The polymkeric substance synthesis step is as follows: diblock polymer synthesizes in 5L stainless steel still and carries out.Before the reaction 2.5kg hexanaphthene and a certain amount of monomer, structure regulator are joined in the reactor, be warming up to temperature requiredly after mixing, treat that the stable back of temperature in the kettle adds the organic single-lithium initiator and begins polymerization.After treating A section conversion of monomer 97～100%, add the B section monomer mixed solution (containing structure regulator on demand) for preparing and carry out the polymerization of B section.After treating its whole conversion, add a certain amount of coupling agent in proportion and carry out linked reaction, treat linked reaction finish after termination reaction, antioxidant 264 is joined in the glue, roll at 110 ℃ cylinder through the product after the poach cohesion and obtain diblock butylbenzene copolymer product after doing.Embodiment and Comparative Examples polymeric reaction condition such as table 2,3, micmstructure of polymer data such as table 4,5.

Table 2 embodiment polymeric reaction condition

Embodiment numbers 23456 7A section Bd/St (g) 189,/81 2,1/9 10,0/0 15,0/0 15,0/0 55/5

Structure regulator (g) THF TMEDA 2G THF THF THF/KTB

(1.2) (1.3/0.05) initiator n-BuLi consumption (g) 12.2 12.5 12.3 12.5 12.8 12.5B section Bd/St (g) 18,/12 256,/14 130,/70 84,/66 84,/66 192/48 of (9.3) (4.2) (1.3) (1.2)
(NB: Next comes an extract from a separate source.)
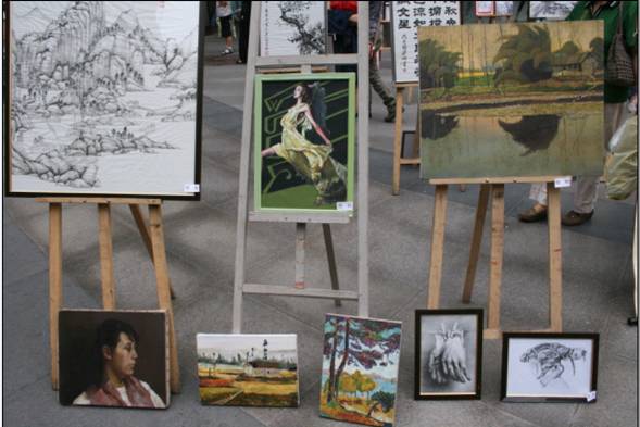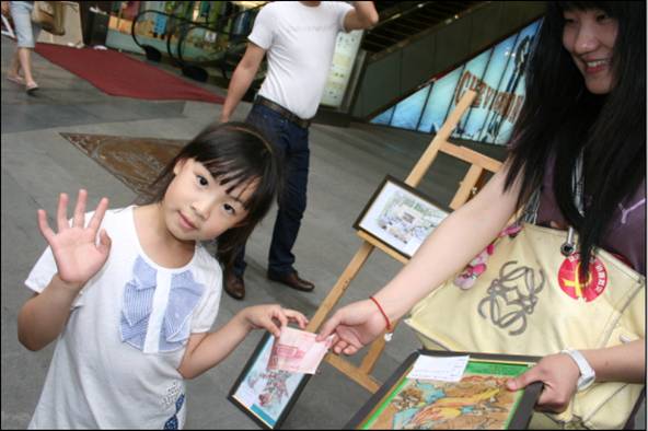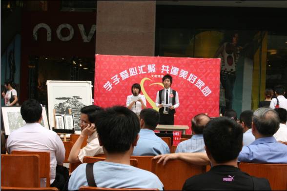 师生联合川师美术学院发起的“学子爱心汇聚 共建美好家园”艺术品义卖活动在春熙路第一城举行, 25日下午2时-5时举行了艺术珍品拍卖活动,本次活动筹备时间短,但在AV研究所
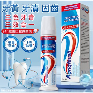 點我下載意大利三色牙膏同款 美白 抗漬 防蛀固齒 三重防護 幫助維護牙齒琺瑯健康 潔白牙齒 牙菌斑 清新口氣 直立按壓式牙膏

Structure regulator (g) 2G 2G TMEDA 2G

(1.0)???(10.7)?(14.4)???(7.8)

A/B (weight ratio) 9/1 1/9 1/2 1/1 1/1 1/4 polymeric reaction temperatures (℃) A 50 50 50 50 50 50

B 50 50 50 50 50 50 coupling agent SnCl ₄(g) 6.5 7.0 7.0 7.8 8.0 7.2

^*The n-BuLi-n-Butyl Lithium.

Table 3 Comparative Examples polymeric reaction condition

Comparative Examples is numbered 123456 7A section Bd/St (g) 10,0/0 13,7/0 10,0/0 50,/10 50,/10 15,0/0 225/75

Structure regulator (g) THF TMEDA 2G THF THF THF/KTB THF

(8.7) (1.2/0.055) (7.4) initiator n-BuLi consumption (g) 12.5 12.8 12.6 12.0 12.6 12.5 12.5B section Bd/St (g) 161,/39 125,/38 130,/70 1,36/,106 1,36/,106 84/66 of (0.9) (4.2) (1.2) (1.3)

Structure regulator (g) THF TMEDA 2G 2G TMEDA 2G

(75)????(2.5)???(1.5)??(10.0)??(14.7)???(10.4)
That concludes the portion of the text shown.